Capital gains tax rates in the U.S. have fluctuated since they were introduced nearly a century ago, with maximum rates on long-term gains (assets held longer than one year) ranging from 77% in 1918 to as low as 15% from the last decade up through 2012. As a result of the American Taxpayer Relief Act of 2012, the top marginal tax rate on long-term capital gains income was bumped up to 20%, plus a 3.8% tax on unearned income was added to fund the Affordable Care Act and is imposed on those with an adjusted gross income of $200,000 or more (or married couples with $250,000 or more and filing jointly).

Capital gains income is also taxed at the state level, and some states come down harder than others. After taking into account the state deductibility of federal taxes and the phase-out of itemized deductions for high-income people, the top marginal tax rates on capital gains (combined federal and state) range from 25% in the nine states that don’t have a personal income tax to 33% in California, according to the Tax Foundation, an independent tax policy research organization in Washington, D.C.

The average rate in the U.S. is 28.7%, which is the sixth-highest rate in the industrialized world as represented by the 34 member nations of the Organization for Economic Co-operation and Development (OECD).

The Tax Foundation says the six states with the highest marginal tax rates on capital gains (California, New York, Oregon, Minnesota, New Jersey and Vermont), along with the District of Columbia, would make the top 10 list in a combined roster of all 50 states and the 34 OECD nations.

The Tax Foundation believes current capital gains rates in the U.S. put a heavy tax burden on saving and investment, as well as hinder economic growth. In a recent report, the organization posited that lowering taxes on capital income would reverse those effects by increasing investment and producing greater economic growth.

While such a conclusion will elicit amens from the anti-tax crowd, not everybody agrees with that premise.
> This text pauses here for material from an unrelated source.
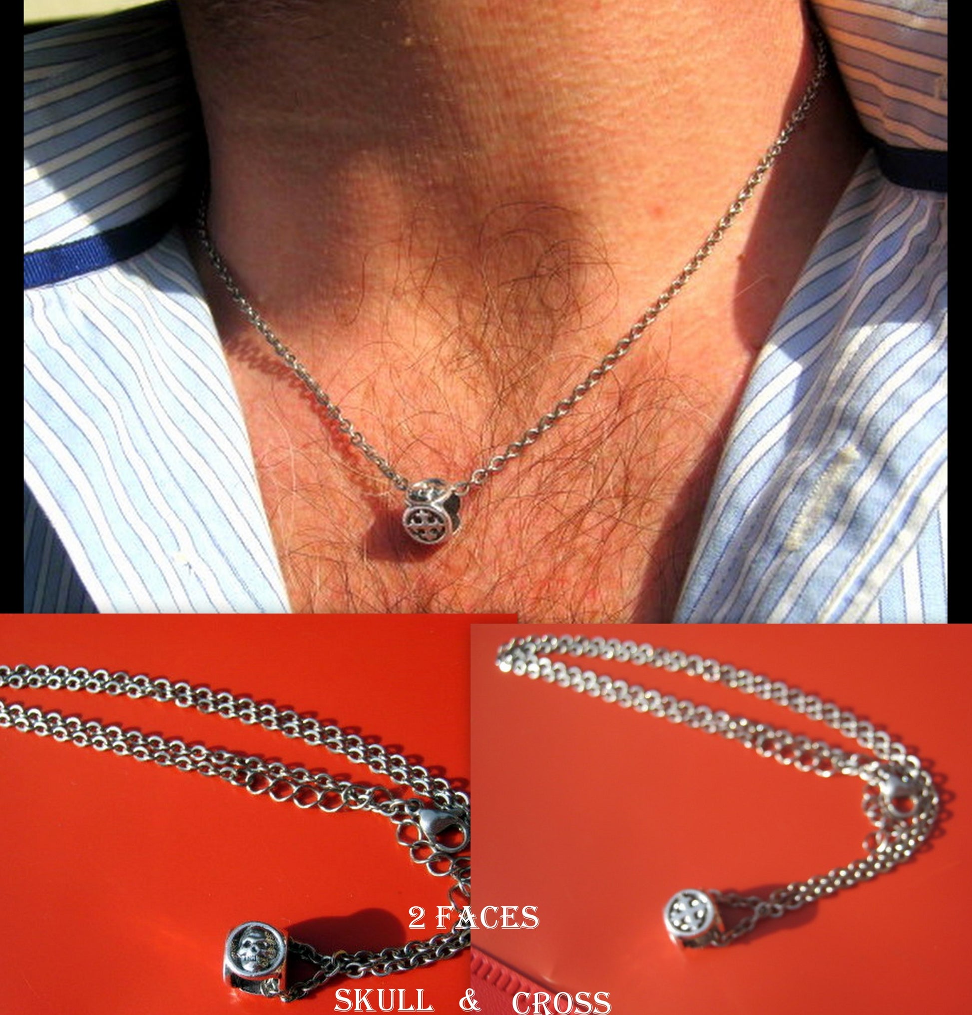 Men CROSS & Skull square pendant protection Necklace, chain stainless steel, Handmade necklace Men Gift

Warren Buffett, for one, wrote in a New York Times op-ed piece in 2012 that he didn’t see anyone forgo the investment opportunities he offered when he was managing funds during the 1950s and 1960s, when the maximum long-term capital gains rate was 25%.
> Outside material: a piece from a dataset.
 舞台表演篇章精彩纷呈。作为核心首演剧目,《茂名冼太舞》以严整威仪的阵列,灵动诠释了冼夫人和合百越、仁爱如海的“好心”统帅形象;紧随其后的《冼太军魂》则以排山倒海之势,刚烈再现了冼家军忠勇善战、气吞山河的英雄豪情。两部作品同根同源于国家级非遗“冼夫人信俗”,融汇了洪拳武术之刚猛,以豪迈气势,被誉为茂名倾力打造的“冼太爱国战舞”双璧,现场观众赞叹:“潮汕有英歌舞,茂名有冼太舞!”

And various studies from academia and the government haven’t found a concrete correlation between tax rates and economic growth. Two years ago, an economic analysis of the top tax rates since 1945 (both the top marginal tax rate and the top capital gains tax rate) by the Congressional Research Service, a legislative branch agency within the Library of Congress that works exclusively for the U.S. Congress, found no conclusive evidence to substantiate a clear relationship between the 65-year steady reduction in the top tax rates and economic growth. “Analysis of such data suggests the reduction in the top tax rates have had little association with saving, investment or productivity growth,” according to the study. “However, the top tax rate reductions appear to be associated with the increasing concentration of income at the top of the income distribution.”

Nobody likes to pay taxes. But in the emotionally charged debate over taxes, black-and-white conclusions often ignore the multiple shades of gray embedded in this complicated issue.